100 MPG Hummer For Real?

I’m scratching my head trying to find out the specific details around the GM Hummer that is reportedly getting 100 mpg.  An article on ConsumerEnergyReport.com indicates that this new hybrid Hummer is the brain child of Raser technologies.  The Hummer is reportedly a plug-in type hybrid designed for daily local travel.  Basically that last part means that the numbers are slightly scued, to the tune of about 70 miles per gallon over statement.

According to information direct from Raser the Hummer is only capable of up to 33 mpg on the high way.  Now, I’m not saying that 100 mpg in the city isn’t great, but obviously to arrive at these figures there are limits that must be set and gray areas to interpret.  Does that mean that the Hummer will get infinite miles per gallon if it stays under 30mpg?  I mean, I’m not sure of any city where 30+ is the norm, but they could just as easily be talking about an island city with 15 mph speed zones.

Also reported by Raser is that the engine found in the H3 Hybrid is the strongest electric engine available in a passenger vehicle.  Raser claims teh engine found in the H3 Plug-In is 4 times more powerful than the hybrid engine found in the Toyota Prius.  According to reports it can be recharged at home, obviously from the plug-in name plate, but the cost is $.60 per equivalent gallon of gas.  Again, this information is much better than paying an alternative now $2.50 per gallon of gas, but there is still a cost to driving such a hybrid.  Where do you think most of our electricity at home comes from?  I’m willing to bet it’s not wind turbines yet, most likely coal, so saving fossil fuels has still yet to be accomplished.

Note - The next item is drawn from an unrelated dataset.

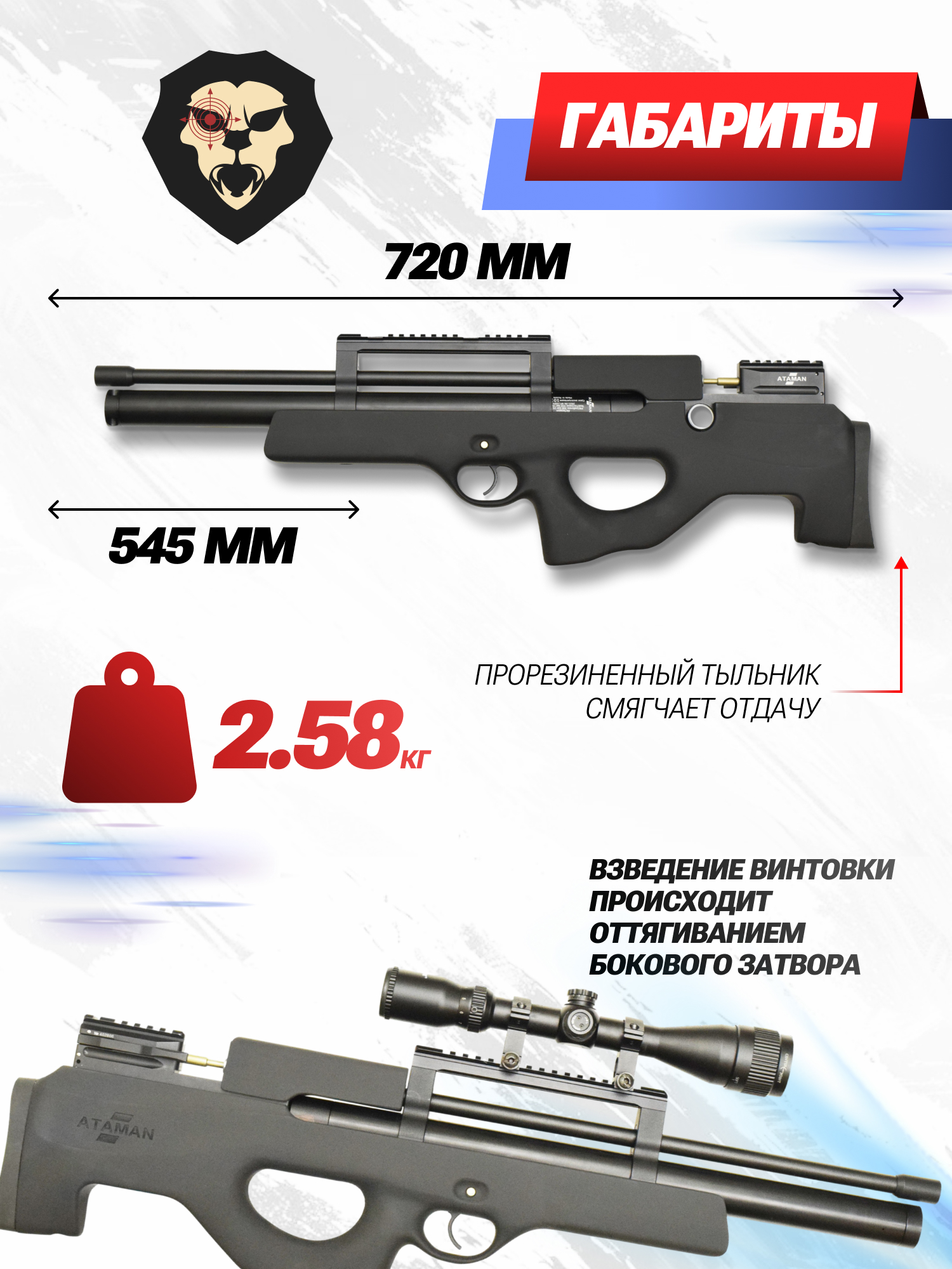 Bull-Pup - это новый взгляд на компоновку и устройство оружия. Особенностью винтовок с таким строением является расположение спускового крючка и пистолетной рукояти, они находятся перед затворной группой и магазином. Малые габариты добавляют мобильности использования оружия в замкнутых пространствах, а также при переноске и хранении. Таким образцом является пневматическая винтовка Атаман МЛ15 Б25 Буллпап РБ-СЛ.

Pictures of the Raser H3 Plug In Hybrid 100mpg

It becomes pretty obvious that perhaps a vehicle the size of the Hummer is required to fit all the drive train components into the package.  There is some serious weight, size, and limitations of fitting this much technology in any lesser vehicle.  No doubt, nows the time to start buying some Raser stock though. 😉

9 thoughts on “100 MPG Hummer For Real?

  1. peyton

    Your comment about power from coal. Cola is mined in the US not imported like oil. A study was done in WA state that an all electric fleet in the US could have 84% of their energy requirement provided by existing plants if charged at night when the power is shut down or wasted.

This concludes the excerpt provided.